Publications des agents du Cirad


GeoDict: an integrated gazetteer

Fize J., Shrivastava G.. 2017. In : Francesca Frontini (ed.), Larisa Grcic Simeunovic(ed.), ¿pela Vintar(ed.), Fahad Khan(ed.), Artemis Parvisi(ed.). Proceedings of Language, Ontology, Terminology and Knowledge Structures Workshop (LOTKS 2017). Montpellier : Association for Computational Linguistics, p. 31-41. Language, Ontology, Terminology and Knowledge Structures Workshop (LOTKS 2017), Montpellier (France).

DOI: 10.18167/DVN1/MWQQOQ

Nowadays, spatial analysis in text is widely considered as important for both researchers and users. In certain fields such as epidemiology, the extraction of spatial information in text is crucial and both resources and methods are necessary. In most of spatial analysis process, gazetteer is a commonly used resource. A gazetteer is a data source where toponyms (place name) are associated with concepts and their geographic footprint.
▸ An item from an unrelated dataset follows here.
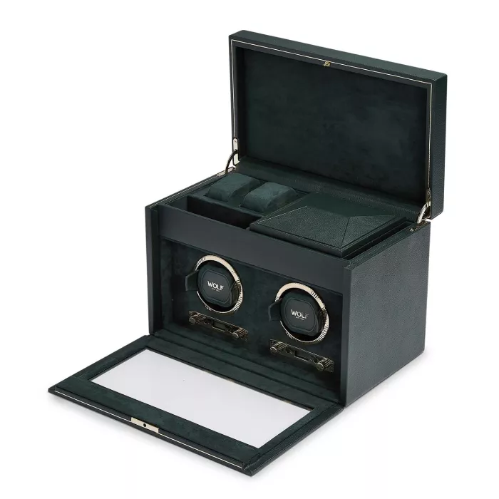 Wolf British Racing Green Watch Winder 2 Klockor Grön Konstläder 792241

Unfortunately, most of publicly available gazetteer are incomplete due to their initial purpose. Hence, we propose Geodict, an integrated gazetteer that contains basic yet precise information (multilingual labels, administrative boundaries polygon, etc.) which can be customized. We show its utility when using it for geoparsing (extraction of spatial entities in text). Early evaluation on toponym resolution shows promising results.